Supplied material Start Marker

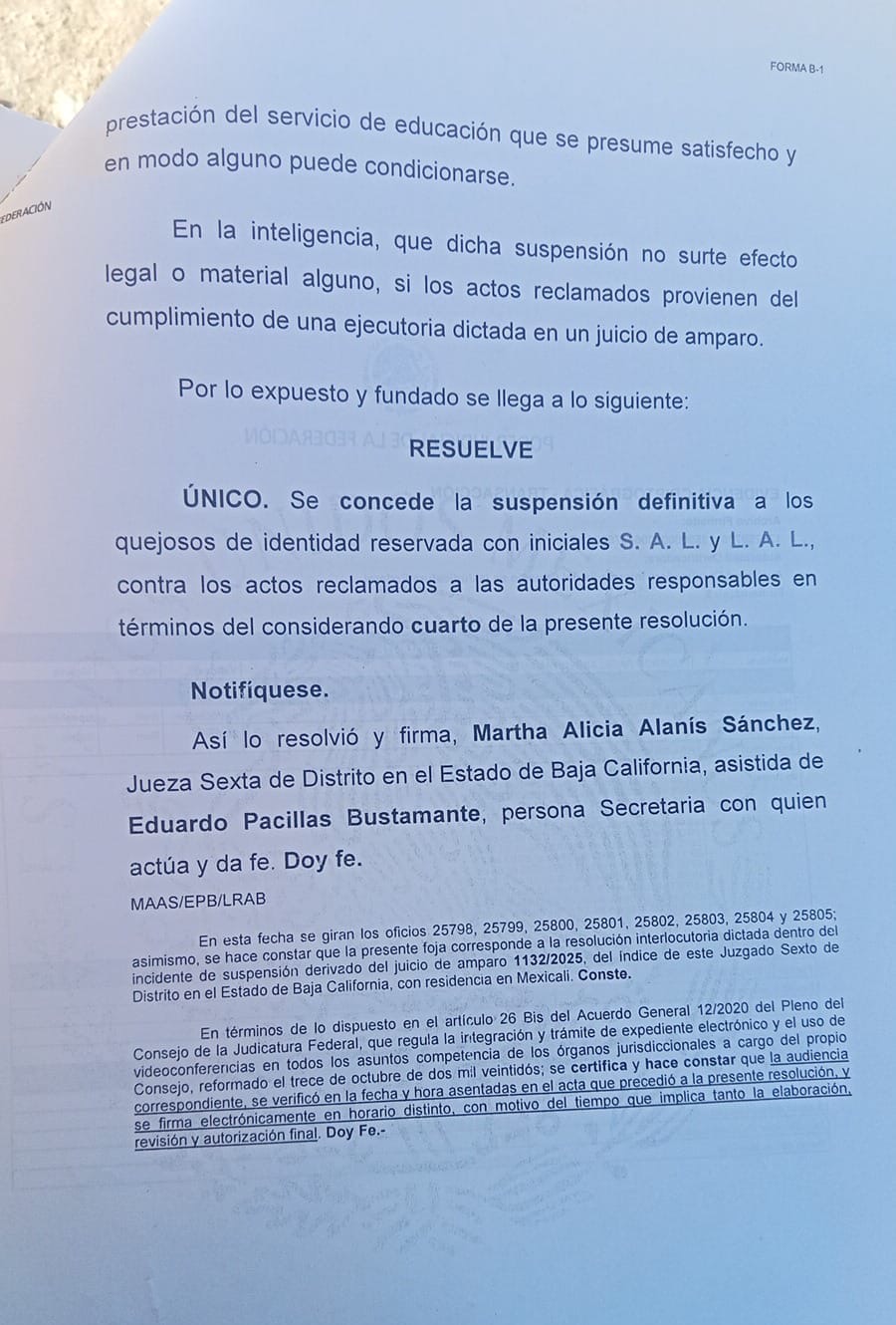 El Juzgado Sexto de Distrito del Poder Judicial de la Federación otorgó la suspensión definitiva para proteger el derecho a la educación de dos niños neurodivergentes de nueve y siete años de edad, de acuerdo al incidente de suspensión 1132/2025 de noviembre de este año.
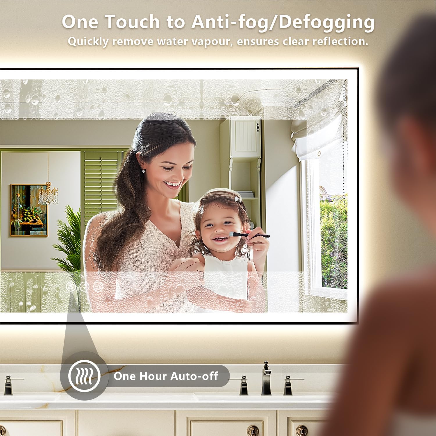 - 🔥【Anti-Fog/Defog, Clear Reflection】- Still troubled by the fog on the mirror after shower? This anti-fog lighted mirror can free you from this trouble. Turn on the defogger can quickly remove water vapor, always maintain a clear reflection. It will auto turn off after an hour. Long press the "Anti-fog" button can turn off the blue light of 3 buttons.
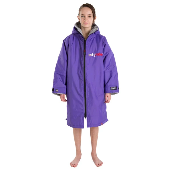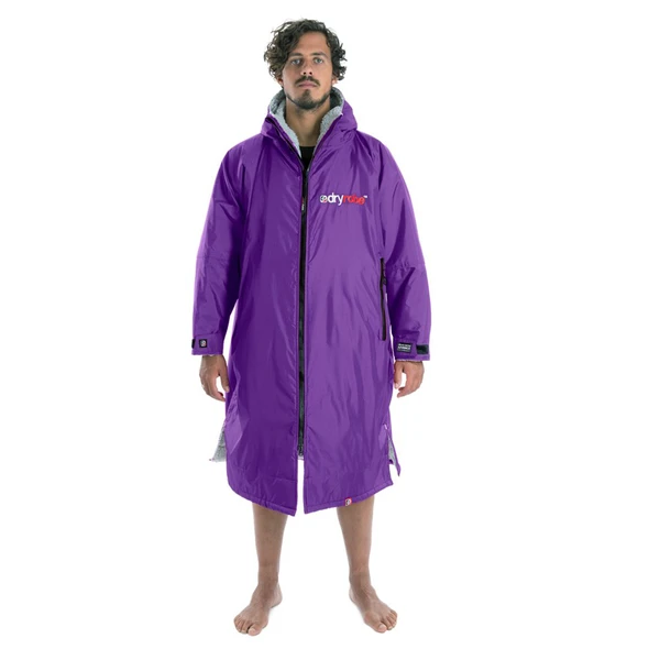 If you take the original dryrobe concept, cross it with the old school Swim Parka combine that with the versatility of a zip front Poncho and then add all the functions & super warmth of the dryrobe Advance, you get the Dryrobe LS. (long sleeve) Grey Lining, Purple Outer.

Supplied material End Marker

** Directions for this task **
Would you print the listing above in full, exactly, but with no pictures?

** Task answer **
 El Juzgado Sexto de Distrito del Poder Judicial de la Federación otorgó la suspensión definitiva para proteger el derecho a la educación de dos niños neurodivergentes de nueve y siete años de edad, de acuerdo al incidente de suspensión 1132/2025 de noviembre de este año.
 - 🔥【Anti-Fog/Defog, Clear Reflection】- Still troubled by the fog on the mirror after shower? This anti-fog lighted mirror can free you from this trouble. Turn on the defogger can quickly remove water vapor, always maintain a clear reflection. It will auto turn off after an hour. Long press the "Anti-fog" button can turn off the blue light of 3 buttons.
 If you take the original dryrobe concept, cross it with the old school Swim Parka combine that with the versatility of a zip front Poncho and then add all the functions & super warmth of the dryrobe Advance, you get the Dryrobe LS. (long sleeve) Grey Lining, Purple Outer.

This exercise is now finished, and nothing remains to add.